Vou começar pelas ancas. Aquelas fartas, curvas, fora do padrão. As que abrigaram os rebentos. As mesmas, redutos da paixão. Caverna ensolarada que guarda desejos. Sou uma mulher de um metro e meio e quase um metro de ancas.
Afino pra cima. O busto não representa tanto. Tenho a alegria de chegar aos 50 e gostar de mim. Lembrar que estes peitos alimentaram vidas, último fio de elo físico com as crias. Estão aqui, nem tão firmes, mas fortes. Sou uma mulher completa na minha contradição. Poesia abstrata,na pele concreta.
No rosto, lábios grossos e grandes, nariz de porrote e olhos pequenos. Sou uma mulher comum, fruto da mistura. Meus olhos verdes no cabelo escuro. Uns cachos nas pontas, ondulado a silhueta, batendo na nuca. Minhas mãos pequenas nas coxas grossas. Os tornozelos roliços, os braços finos, o osso do punho proeminente.
Calço 35. Sutiã P, calcinha M. Uma mulher inteira desigual. Dizem que deveria ter crescido mais. Desconfio que se cresci, foi pra dentro. Nas entranhas é que estão as profundezas. É aí que fico maior, neste vasto campo minado e florido. Neste latifúndio sem reforma agrária que é o sentir. Um feudo a ser explorado, pasto infinito de ideias e sensações.
Sou uma mulher pequena e mediana. Repito rotinas buscando aterrar. Sou ar. Gêmeos, ascendente Aquário, lua em Libra. Disseram outro dia que não deveria estar viva. Deve ser porque gosto de voar. E, sendo assim, de pousar.
Gosto de mesa posta, de comida cozinhando, do cheiro do feijão perfumando a casa, das risadas que saem de momentos displicentes. Não faltam gás, coragem e alma. Esta última segue caminhando com cicatrizes, marcas, memórias e algumas dores. Carrego a mulher que sou.

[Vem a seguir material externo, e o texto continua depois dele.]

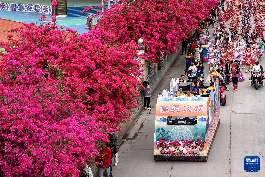 3月31日,廣西都安瑤族自治縣“三月三”慶典活動中,民俗文化巡游隊伍行走在花團(tuán)錦簇的街道上。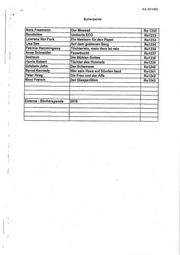 69 60A Dann bleib ich eben sitzen Steffens, Thorsten SchulproblemeKA 20/1492 70 60B Stress nicht so rum, ich find schon ´nen Job Wasserfall, Kurt Berufsfindung 71 61 Abgehauen Weber, Annette Waisen, familiäre Gewalt, Heim 72 62 Im Netz gewinn ich jeden Fight Kaster, Armin Computerspielsucht, Internet 73 63 Du bist doch nur zugekifft Hänel, Wolfram Drogen 74 64 Liebe ist was für Idioten. Wie mich. Schoder, Sabine Drogen, Tod, Liebe, Familie 75 65 Zeit der Wunder Boundox, Anne-Laure Flüchtlinge, Drama 76 66 Was ist denn schon dabei? unbekannt Gewalt, Schule 77 67 Elfte Woche Fehér, Christine Schwangerschaft 78 68 Knallhart Tessnow, Gregor Drogen, Dealen 79 69 Dschihad Calling Linker, Christian Salafismus 80 70 Drachenläufer Hosseini, Khaled Afghanistan 81 70A Tausend strahlende Sonnen Hosseini, Khaled Afghanistan 82 70B Traumsammler Hosseini, Khaled Afghanistan 83 71 Homevideo Kaci, Karin Mobbing 84 72 Miese Opfer Matthes, Silas Mobbing, Gewalt, Schule 85 73 Tigermilch de Velasco, Stefanie Mädchen - Großstadtjugend 86 74 Was ist los mit meinem Körper? Raith-Paula, Elisabeth Aufklärungsbuch für Mädchen 87 75 Die ersten drei Jahre meines Kindes Gehbauer-Sesterhenn Kleinkindentwicklung 88 76 Meine Schwangerschaft Höfer, Silvia Sachbuch Schwangerschaft 89 77 Ich bleib so scheiße wie ich bin Niazi-Shahabi, Rebecca Ratgeber, Selbstbewusstsein 90 78 Flucht aus Lager 14 Harden, Blaine Biografie, Arbeitslager 91 79 Eltern werden BzgA Ratgeber 92 80 Knastkinder Bertram, Rüdiger Haft Philippinen 93 81 Die Welle Rhue, Morton Macht, Psychologie 94 81A Die Welle - Buch zum Film Winter, Kersin Macht, Psychologie 95 82 Schloss aus Glas Walls, Jeannette Obdachlosigkeit Das Scheißleben meines Vaters, das Scheißleben 83 Altmann, Andreas Familie, Kindheit, Misshandlungen 96 meiner Mutter und meine eigene Scheißjugend 97 84 Zurück aus der Hölle Bisley, Sascha Haft, Biografie 98 85 Dann mach ich eben Schluss Fehér, Christine Suizid, Trauer 99 86 Gute Nacht, Zuckerpüppchen Hassenmüller, Heidi sexueller Missbrauch 100 87 So etwas wie Familie Chazal, Pierre Familie, Vaterschaft 101 88 Elefanten sieht man nicht Kreller, Susan Gewalt in der Familie 102 89 Die Haft - ein Leben in Angst und Schrecken Gertler, Nico Haft, Gefängnis 103 90 Tausend kleine Scherben Frey, James Drogensucht, Entzug 104 91 Die Welt wär besser ohne dich Littman, Sarah Mobbing, soziale Medien 105 92 Die hohe Kunst, unterm Radar zu bleiben Nielsen/Max Trauma, Außenseiter 106 93 American Rap Kage, Jan Geschichte der Rapmusik 107 94 Odem - On The Run Deppe, Jürgen Graffiti 108 95 Radikal Frey, Jana Neonazis 109 96 Cold Turkey Mechtel, Angelika Drogenentzug, Biographie 110 97 Ghetto Kidz Rhue, Morton Sozialer Brennpunkt 111 98 No place, no home Rhue, Morton Sozialer Abstieg 112 99 Asphalt Tribe Rhue, Morton Leben auf der Straße, Drogen 113 100 Über uns Stille Rhue, Morton Atomkrieg 114 100A American Hero Rhue, Morton 115 101 Fame Junkies Rhue, Morton Ruhm 116 102 Vincent, 17 Fehér, Christine Vaterschaft 117 103 Das Tagebuch der Anne Frank Frank, Anne NS-Zeit, Biographie 118 104 Im Bus ganz hinten Fler Biographie, Rap/Hip Hop 119 105 Exit Sugartown Petersen, Martin Flüchtlinge, Drama 120 106 Arabqueen Balci, Güner Yasemin Kultur, Emanzipation 121 107 Das Mädchen und der Gotteskrieger Balci, Güner Yasemin IS. Dschihad 122 108 Lieber schlau als blau Lindenmeyer, Johannes Alkohol- und Medikamentensucht 123 109 Komm, ich erzähl dir eine Geschichte Bucay, Jorge Märchen 124 110 Prost, Mathilda! Szillat, Antje Alkoholmissbrauch im Jugendalter 125 111 Hau ab, du Flasche Ladiges, Ann Alkoholmissbrauch im Jugendalter 126 112 Greg´s Tagebuch 1 Kinney, Jeff Humor, Comic, Schule 127 113 Greg´s Tagebuch 2 Kinney, Jeff Humor, Comic, Schule 128 114 Greg`s Tagebuch 3 Kinney, Jeff Humor, Comic, Schule 129 115 Greg´s Tagebuch 4 Kinney, Jeff Humor, Comic, Schule 130 116 Der Koran Glaube, Islam 131 117 Warrior Cats 1 Hunter, Erin Fantasy 132 118 Warrior Cats 2 Hunter, Erin Fantasy 133 119 Warrior Cats 3 Hunter, Erin Fantasy 134 120 Warrior Cats 4 Hunter, Erin Fantasy 135 121 Warrior Cats 5 Hunter, Erin Fantasy 136 122 Warrior Cats 6 Hunter, Erin Fantasy 137 123 Harry Potter 1 Rowling, J.K. Fantasy 138 124 Harry Potter 2 Rowling, J.K. Fantasy 139 125 Harry Potter 3 Rowling, J.K. Fantasy

Me sobra crença. Meu estoque de fé veio no atacado. Não sou do varejo. Sou insistente, cultivo a teimosia, semeio minha opinião. Mudo de lugar, ponto de vista, que nem o sol ao longo do ano. E choro como a chuva de maio, mês que me recebeu neste mundo. Aprendi a chover de alegria e de tristeza, de emoção e de pesar. Aprendi a desaguar e inundar, conforme a maré.

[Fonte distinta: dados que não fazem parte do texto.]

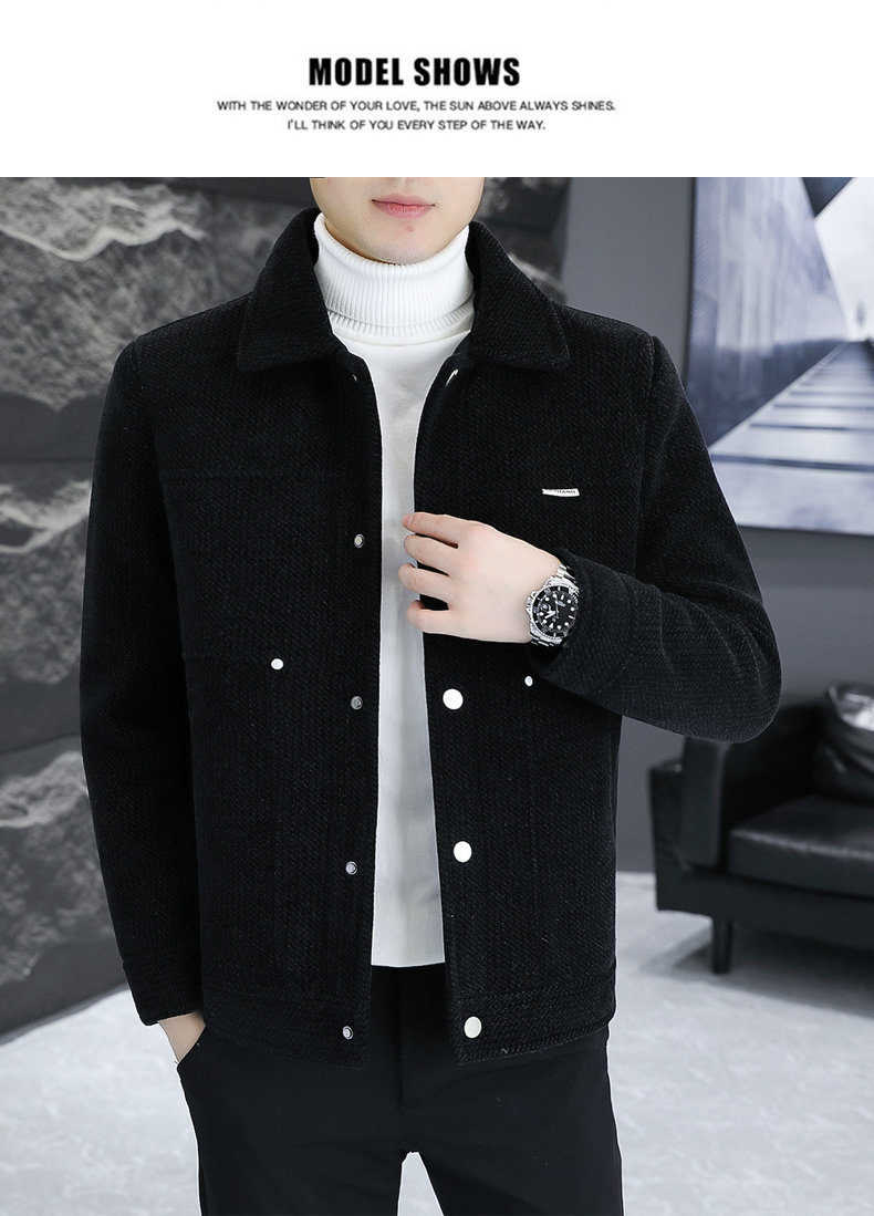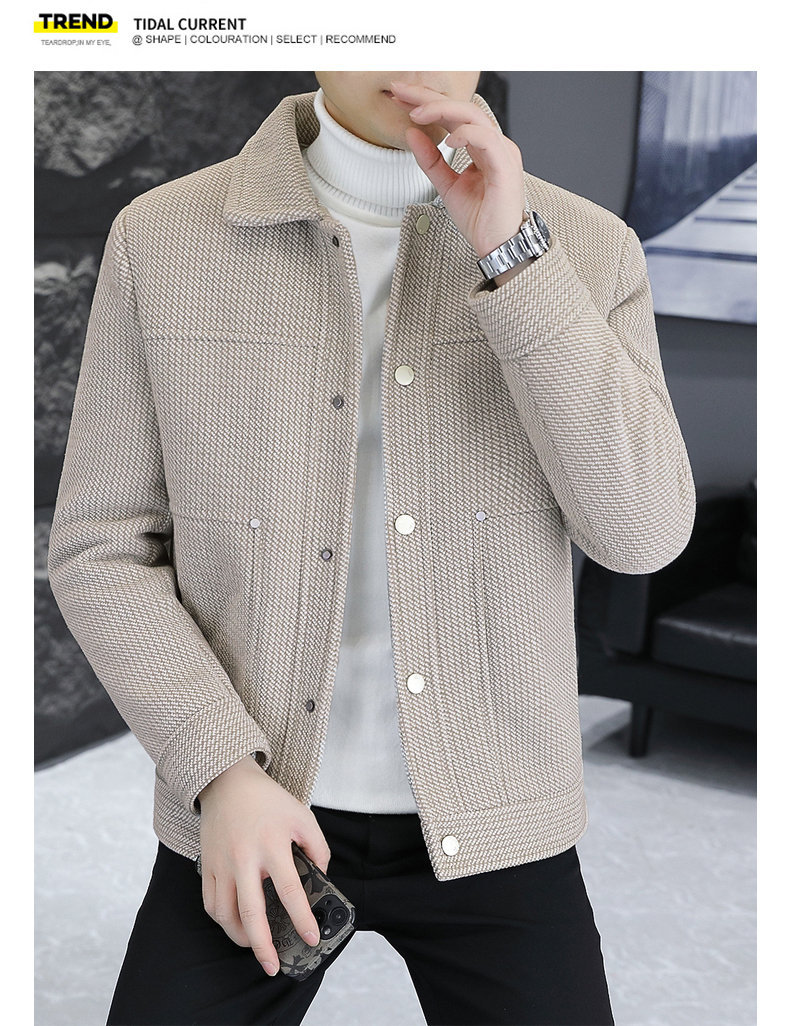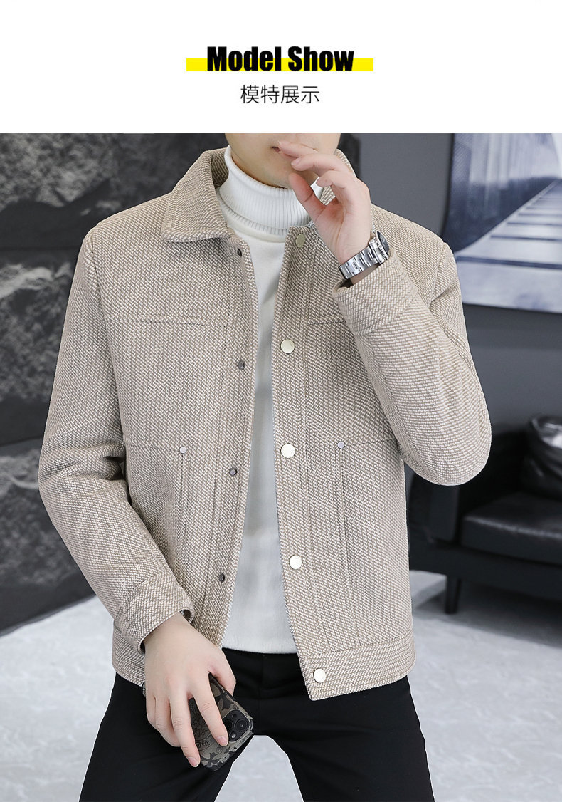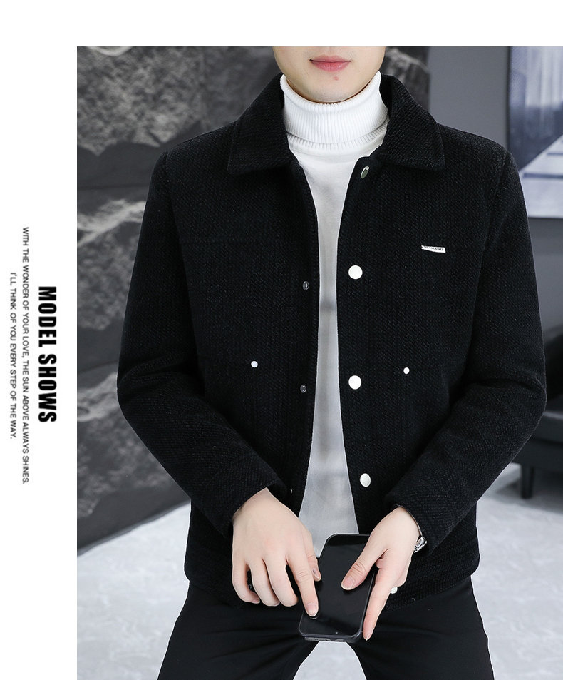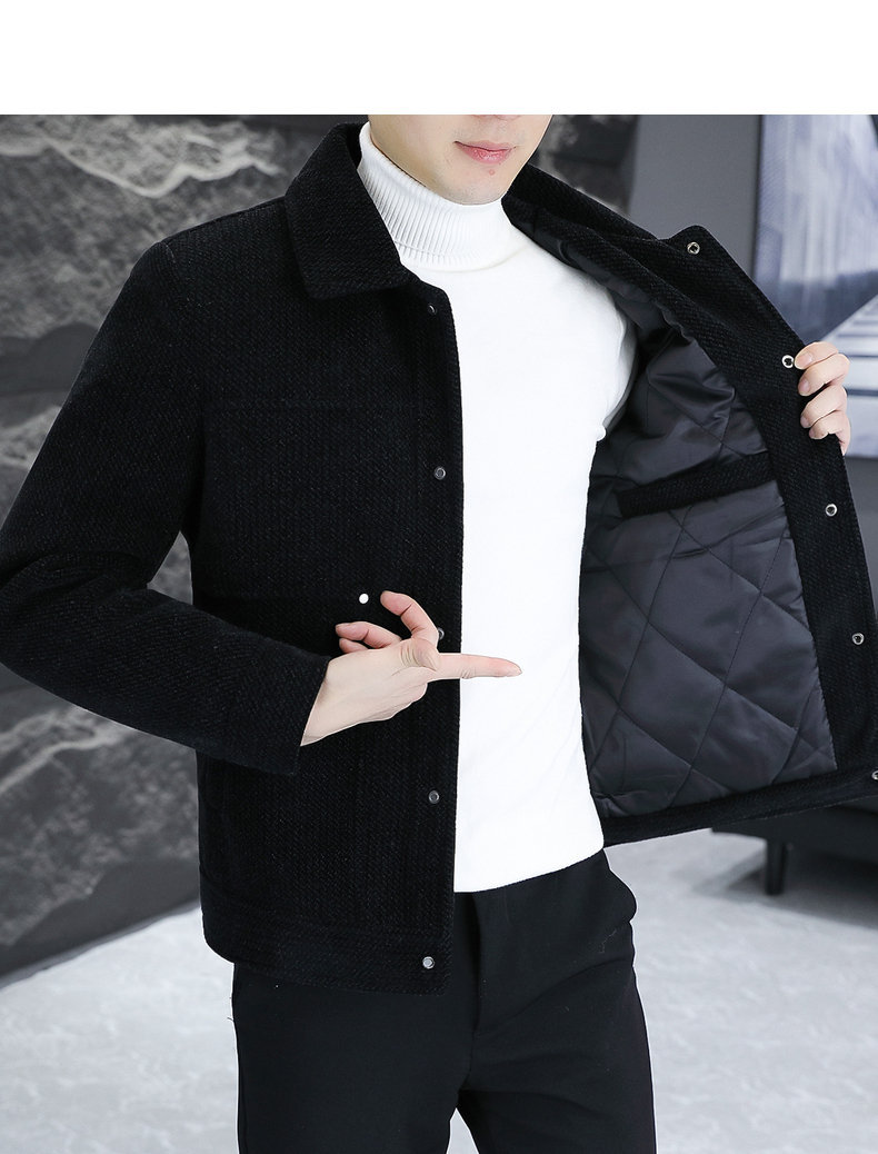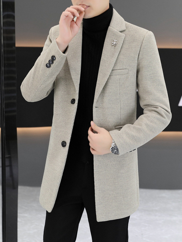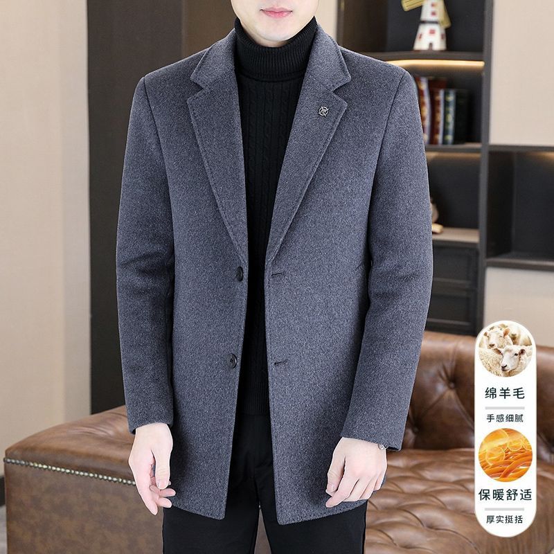 秋冬用裏起毛厚手羊毛ウールコート、新作メンズ若者向けラペル付きウールコート、保温性のあるウールジャケット

Nasci numa cidade de pedra e mar. De lama e mangue. De arte e desigualdade. Quebro as ondas nos arrecifes como o oceano em Boa viagem. Vou esculpindo o espírito. Vou queimando a pele, vou desidratando.
Quando me deparo com o espelho, vejo muito mais do que escrevo agora. Vejo passado e presente pulsando num diálogo que adivinha o futuro. E nada vejo, ao mesmo tempo. Os olhos mais cansados, perdem os detalhes, escondem as pistas do tempo. Sinto que me perco, antes de achar, nenhuma certeza.
Meu autorretrato se faz a cada dia. Não ouso assinar embaixo, não reconheço firma. Não sou conclusiva. As águas que no meu corpo correm já passaram por todas as veias, tantas vezes e não são as mesmas. Vida, esta duna que é levada pelo vento.